Watch as I procure the essential contingent of 8 prestige bicycles for the price of 1 jerry built car, then transform my city.

From 2 minutes googling, I take the car on the left to be a mercedes-benz C class W204 2.1ltr bla bla etc etc, that I could pick up here in Australia "from" AUD$62,400. I have no doubt it would bring me much kudos for 6-8 years, whereupon it would take on the character of the maths teacher's car on the right (said with all due respect to maths teachers—god don't let me go down for hate-speech on my first day of blogging!)  

By contrast, the 8 dream bikes I'm working now toward owning, will bring me prestige, good health and enjoyment long after the C-class bla bla has gone to the wreckers.  

I own one of those 8 bikes already, my elegant Lynskey, with Campagnolo gear and Mavic Helium Wheels, like something that has rained down from Plato's ideal realm of Forms. I shall wax lyrical about it more in due course. Pictured behind me is my lovely wife, aging like titanium, i.e., not at all (ladies, she's always worn sunscreen). To the left of the image is our Subaru Forester, that is aging more like a car. Before this blogging project is complete I plan to convince smarty pants wifey there to sell it.  

Now to the other 7. The following list is likely to be refined over time, which is not to say these are stabs in the dark either. But enough of my yappin: 

10K+ is not so much for the ultimate bonding experience

And around 5K for the world's fastest cargo bike seems fair as well.

There's something mad about mountain biking, and something mad about Jeff Jones too, who builds titanium frames and forks that act like titanium springs.
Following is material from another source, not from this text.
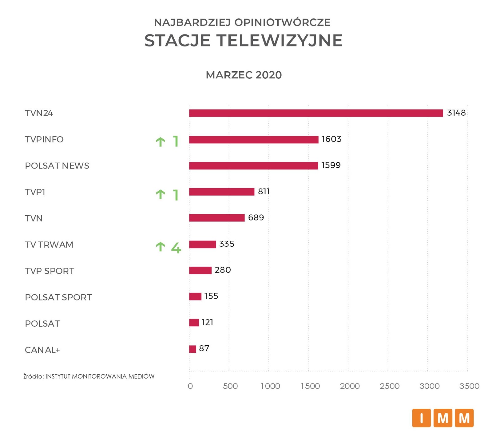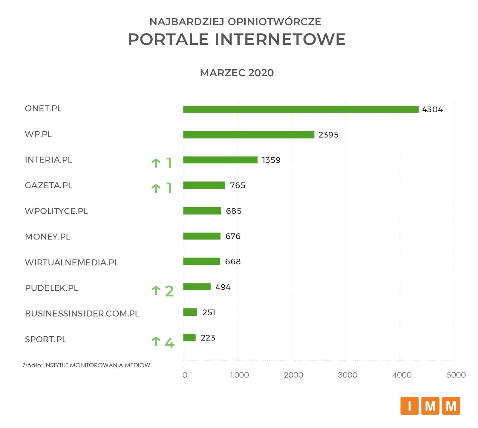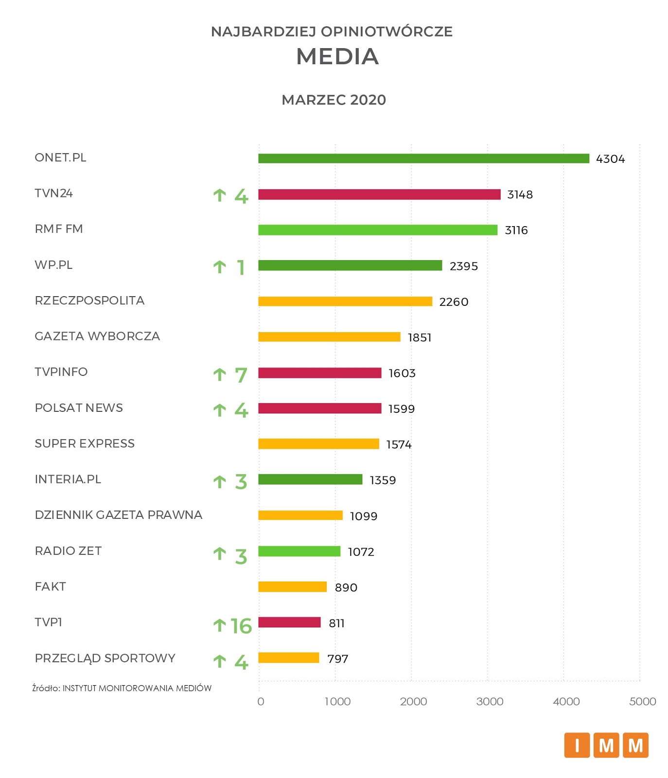 Najbardziej opiniotwórczym medium w Polsce w marcu 2020 r. według raportu Instytutu Monitorowania Mediów jest portal Onet.pl — niezmiennie od dwunastu miesięcy. Tuż za nim TVN24 i stacja RMF FM. Ranking zamyka zaś Przegląd Sportowy i TVP1 ze skokiem aż o szesnaście pozycji w górę.

Since the end goal of mountain biking, we all know, is to look down from above at our corpses being stretchered from gorges, we should each approach mountain biking with due reverence, I suggest, on 10K+ dream bikes like Jones's, designed to spring back for our sons to inherit.

After going nuts up the bush, put on your best powder blue linen suit and roll out for coffee with a friend on this classic dutch crossframe.

And don't just buy your friend coffee. Set her up on her very own granny bike, one that will not muddy her hems—with thanks to the girls from the lets go ride a bike blog, that has inspired me to start my own blog.

Complete the Dutch theme with an original bakfiet to leave parked in front of your house and thus silence all of your Prius and Smartcar driving middleclass neighbours.

Finally, do not leave your 3 year old accoutrement at granny's place. Parade it (her/him) on his or her own piece of titanium.

To this list we might add one fixie, one time trial machine and maybe a sub 6kg carbon road bike, but personally, I would feel uneasy about owning so many bikes. An air of restraint should inform ones moving to be truly behooving.  

So there is the list, and there is the plan. Along the way I will convince my local council to stop treating the city center as one giant car park and let it be the pre-car city it once was, with walk-up apartments with no basement parking, etceter. I will convert my street into a garden, with no garage doors or on-street parking; my neighbours and I will all voluntarily remit our residents' permits. I will no doubt patch lots of flats. I will buy clothes to match every bike. I will show you all how to live your lives better and be worthy, like me.